The secondary assistant 104 has a signal clock 430 that establishes the input signal rate of the digital microphone input signal 426. More specifically, the clock 430 generates an input clock signal 432 having clock cycles that repeat at an input signal rate. The ADC 424 is responsive to the clock signal and therefore produces the digital microphone input signal 426 at the input signal rate established by the frequency of the clock signal 432.

In certain embodiments, the clock signal 432 of the secondary assistant 104 and the clock signal 418 of the primary assistant 102 have the same nominal frequencies, which in the described embodiment is 48 kHz. However, the clocks 416 and 430 may drift slightly over time and may therefore exhibit slightly different rates. Furthermore, the differences between the rates of the clock signal 432 and the clock signal 418 may vary with time.

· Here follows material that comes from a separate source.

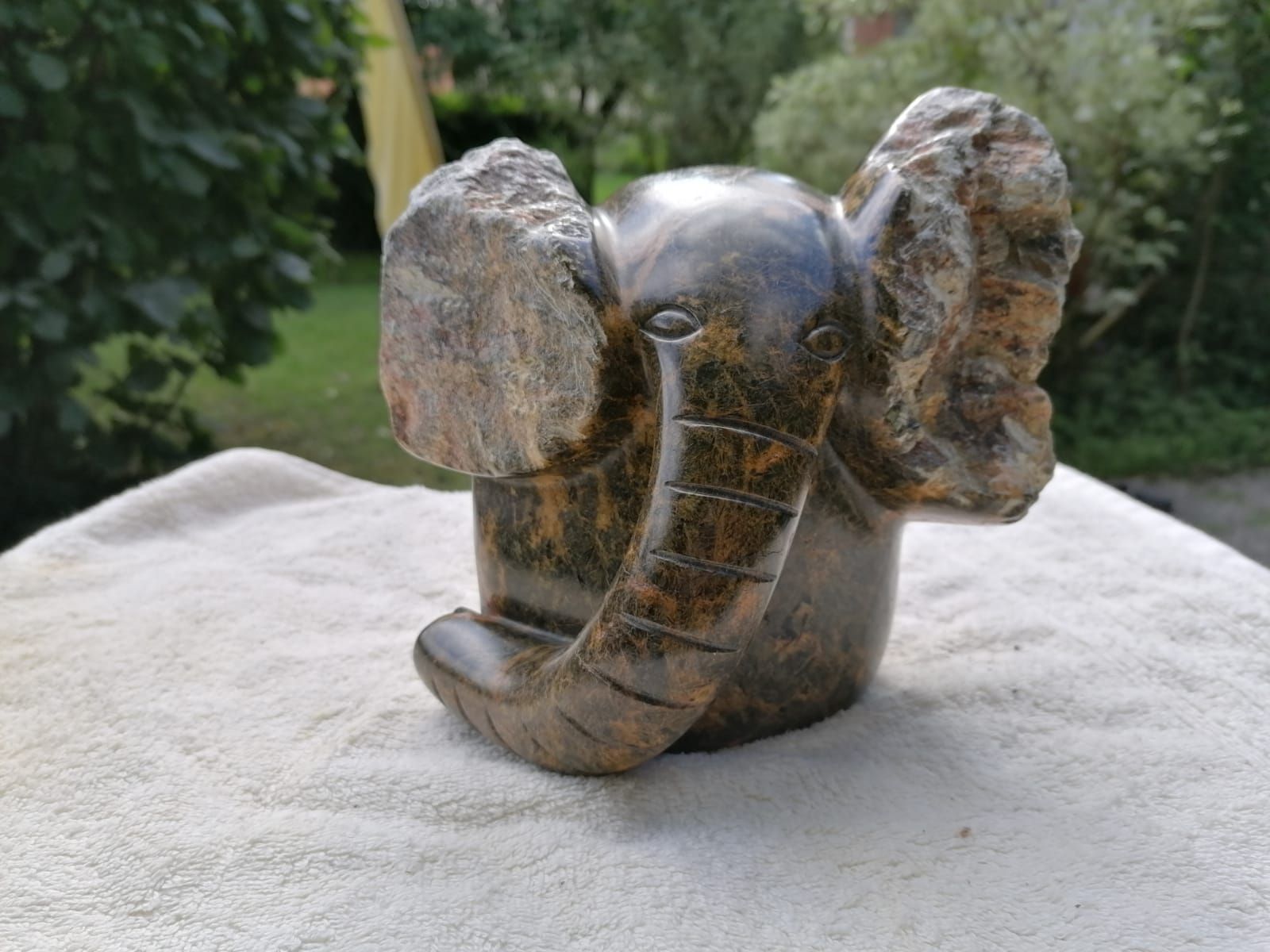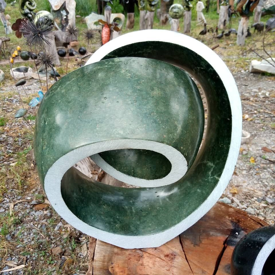 Der simbabwische Serpentinstein lässt sich aufgrund seiner Eigenschaften gut bearbeiten. Er ist härter als Speckstein und weicher als z.B. Marmor und hat eine stabile Struktur und Farbvielfalt. Es gibt ihn in schwarz, verschiedenen Grüntönen, braun, weiß, sogar lila und türkis. Die Farbe kommt am Ende des Prozesses zum Vorschein durch feines Schleifen und nach Wunsch durch Wachsversiegelung.

The secondary assistant 104 may have a digital counter 434 that produces an input index 436 based at least in part on the input signal rate. More specifically, the digital counter 434 counts cycles or multiples of cycles of the clock signal 432 to produce the input index 436. The input index 436 has a value that increases monotonically in response to cycles of the clock signal 432. In some embodiments, the digital counter 434 may increment the value of the input index 436 in response to each cycle of the clock signal 432. For example, in response to a clock cycle the value of the input index 436 may be incremented from a value N to a value N+1. In other embodiments, the input index 436 may be incremented by one after every M clock cycles. As a specific example, the value of the input index 436 may comprise a sequence N, N+1, N+2, . . . .

The secondary assistant 104 may also have a rate corrector or rate adjustment components that are configured to adjust the rates or one or both of the reference signal 202 and the microphone input signal 426 so that the rates of the reference signal 202 and the microphone input signal 426 are approximately the same. The rate adjustment components may include a rate difference calculator 438 that is configured to compare the values of the reference index 422 and the input index 436 over time to determine a rate difference between the clocks 416 and 430 of the primary and secondary assistants 102 and 104. The rate adjustment components may also include a rate converter 440 corresponding to either or both of the reference signal 202 and microphone input signal 426. The rate converters 440 are responsive to the rate difference calculator to process the microphone input signal 426 and/or the reference signal 202 to correct for any signal rate difference detected by the rate difference calculator 438.

The rate difference calculator 438 determines the rate difference between the clocks 416 and 430 by comparing differences between the current values of the reference index and the input index over time. If both of the clocks 416 and 430 are running at exactly the same frequency, the difference between the values of the reference index and the input index over time will remain constant. If the clock 430 of the secondary assistant 104 is running at a slightly different frequency than the frequency of the clock 416 of the primary assistant 102, however, the difference between the values of the reference index 422 and the input index 436 will change over time.

FIG. 5 illustrates an example of changing differences between the values of the reference and input indexes over time. In FIG. 5, the horizontal axis correspond to time. The vertical axis represents the difference between values of the reference and input indexes.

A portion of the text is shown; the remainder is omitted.